◆ **EXERCISE**
Repeat the records below line by line, exactly, finishing on the line that contains "HDD 160~200GB未満(7200rpmクラス)の最安値推移".

◆ **SUPPLIED MATERIAL**
----------

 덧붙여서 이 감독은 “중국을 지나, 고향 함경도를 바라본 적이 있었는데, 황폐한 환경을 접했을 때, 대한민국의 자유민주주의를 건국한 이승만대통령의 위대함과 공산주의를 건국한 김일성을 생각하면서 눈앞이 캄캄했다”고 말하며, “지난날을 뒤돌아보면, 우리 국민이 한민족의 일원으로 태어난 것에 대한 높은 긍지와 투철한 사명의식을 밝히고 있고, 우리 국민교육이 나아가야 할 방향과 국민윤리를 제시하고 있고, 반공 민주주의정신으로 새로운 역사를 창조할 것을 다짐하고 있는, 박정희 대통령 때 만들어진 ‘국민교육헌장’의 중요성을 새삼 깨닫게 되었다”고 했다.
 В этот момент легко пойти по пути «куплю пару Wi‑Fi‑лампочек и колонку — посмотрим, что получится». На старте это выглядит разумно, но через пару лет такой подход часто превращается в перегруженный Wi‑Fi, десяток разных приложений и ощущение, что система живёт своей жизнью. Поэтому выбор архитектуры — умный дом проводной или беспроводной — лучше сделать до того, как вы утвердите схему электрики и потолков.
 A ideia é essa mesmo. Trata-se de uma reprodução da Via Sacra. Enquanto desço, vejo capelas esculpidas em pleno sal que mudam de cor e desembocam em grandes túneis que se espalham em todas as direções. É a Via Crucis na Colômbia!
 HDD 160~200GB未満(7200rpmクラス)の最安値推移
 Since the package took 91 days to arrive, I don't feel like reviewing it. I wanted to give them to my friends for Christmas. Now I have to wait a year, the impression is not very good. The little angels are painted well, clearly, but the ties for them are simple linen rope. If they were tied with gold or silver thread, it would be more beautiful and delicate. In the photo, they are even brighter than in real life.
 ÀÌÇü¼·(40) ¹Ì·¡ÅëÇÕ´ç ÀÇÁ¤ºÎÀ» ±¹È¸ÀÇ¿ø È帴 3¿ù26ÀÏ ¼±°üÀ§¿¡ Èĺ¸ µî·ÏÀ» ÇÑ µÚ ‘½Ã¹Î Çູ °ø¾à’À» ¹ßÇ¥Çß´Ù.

----------

◆ **OUTPUT FOR THIS EXERCISE**
 덧붙여서 이 감독은 “중국을 지나, 고향 함경도를 바라본 적이 있었는데, 황폐한 환경을 접했을 때, 대한민국의 자유민주주의를 건국한 이승만대통령의 위대함과 공산주의를 건국한 김일성을 생각하면서 눈앞이 캄캄했다”고 말하며, “지난날을 뒤돌아보면, 우리 국민이 한민족의 일원으로 태어난 것에 대한 높은 긍지와 투철한 사명의식을 밝히고 있고, 우리 국민교육이 나아가야 할 방향과 국민윤리를 제시하고 있고, 반공 민주주의정신으로 새로운 역사를 창조할 것을 다짐하고 있는, 박정희 대통령 때 만들어진 ‘국민교육헌장’의 중요성을 새삼 깨닫게 되었다”고 했다.
 В этот момент легко пойти по пути «куплю пару Wi‑Fi‑лампочек и колонку — посмотрим, что получится». На старте это выглядит разумно, но через пару лет такой подход часто превращается в перегруженный Wi‑Fi, десяток разных приложений и ощущение, что система живёт своей жизнью. Поэтому выбор архитектуры — умный дом проводной или беспроводной — лучше сделать до того, как вы утвердите схему электрики и потолков.
 A ideia é essa mesmo. Trata-se de uma reprodução da Via Sacra. Enquanto desço, vejo capelas esculpidas em pleno sal que mudam de cor e desembocam em grandes túneis que se espalham em todas as direções. É a Via Crucis na Colômbia!
 HDD 160~200GB未満(7200rpmクラス)の最安値推移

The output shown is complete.